Tetapi di bawah undang-undang baru, perusahaan harus lebih transparan dan memberikan informasi kepada regulator dan peneliti independen tentang upaya moderasi konten. Ini bisa berarti, misalnya, membuat YouTube menyerahkan data tentang apakah algoritme rekomendasinya telah mengarahkan pengguna ke lebih banyak propaganda Rusia daripada biasanya. Untuk menegakkan aturan baru, Komisi Eropa diharapkan mempekerjakan lebih dari 200 staf baru. Untuk membayarnya, perusahaan teknologi akan dikenakan "biaya pengawasan", yang bisa mencapai 0,1% dari pendapatan bersih global tahunan mereka, tergantung pada negosiasi. 
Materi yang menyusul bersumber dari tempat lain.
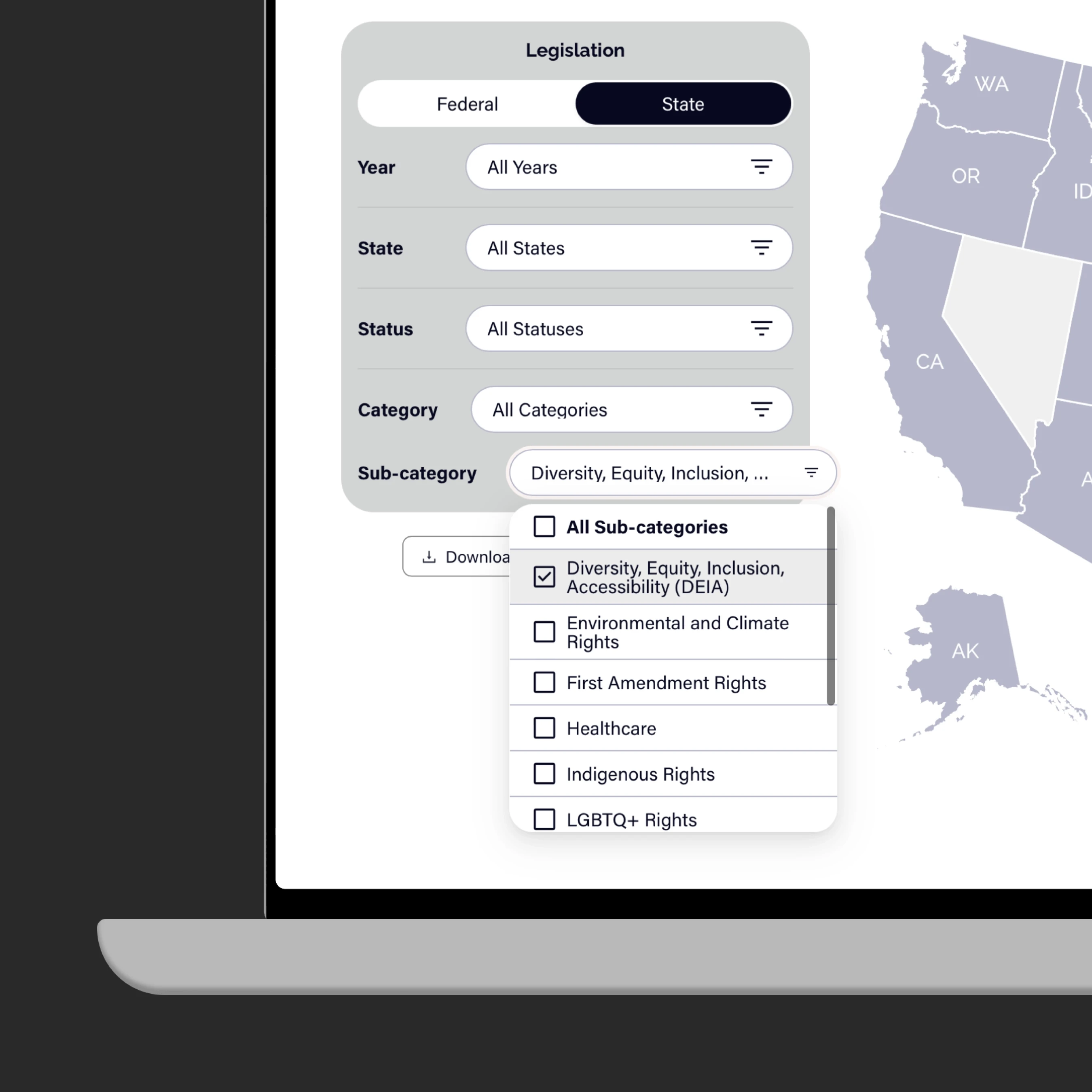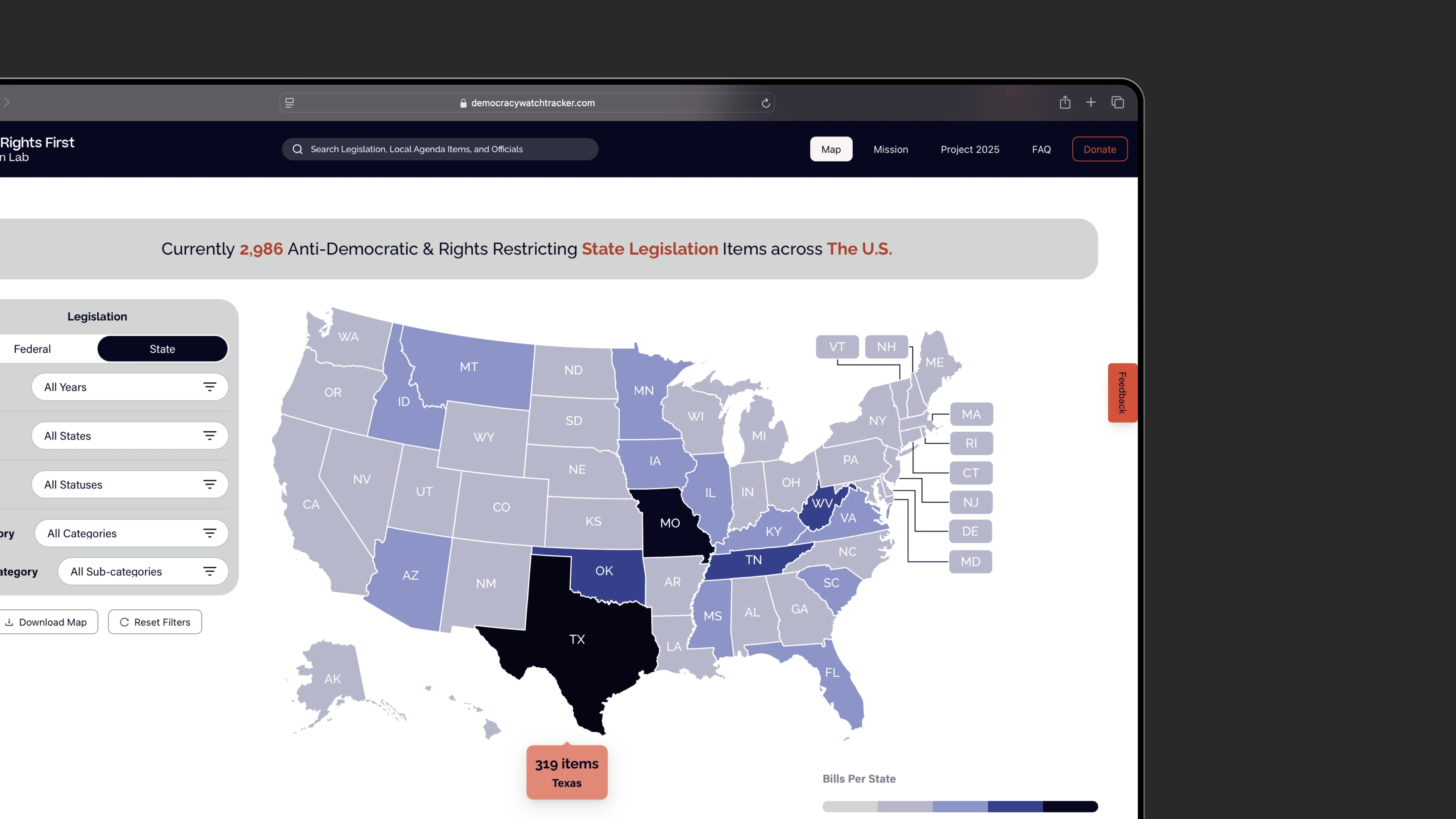 Track threats to democracy by filtering and visualizing legislation by state, category, year, and status.

 Para ahli mengatakan aturan baru kemungkinan akan memicu upaya regulasi peniru oleh pemerintah di negara lain, sementara perusahaan teknologi juga akan menghadapi tekanan untuk meluncurkan aturan di luar perbatasan UE. “Jika Joe Biden berdiri di podium dan berkata 'Astaga, mengapa konsumen Amerika tidak layak mendapatkan perlindungan yang sama seperti yang diberikan Google dan Facebook kepada konsumen Eropa,' akan sulit bagi perusahaan-perusahaan itu untuk menolak penerapan hal yang sama. aturan” di tempat lain, kata Scott. 

 Tetapi perusahaan tidak mungkin melakukannya secara sukarela, kata Zach Meyers, peneliti senior di lembaga pemikir Center for European Reform. Ada terlalu banyak uang yang dipertaruhkan jika perusahaan seperti Meta, yang memiliki Facebook dan Instagram, dibatasi dalam cara menargetkan iklan pada kelompok pengguna tertentu. “Perusahaan teknologi besar akan sangat menolak negara lain mengadopsi aturan serupa, dan saya tidak bisa membayangkan perusahaan secara sukarela menerapkan aturan ini di luar UE,” kata Meyers.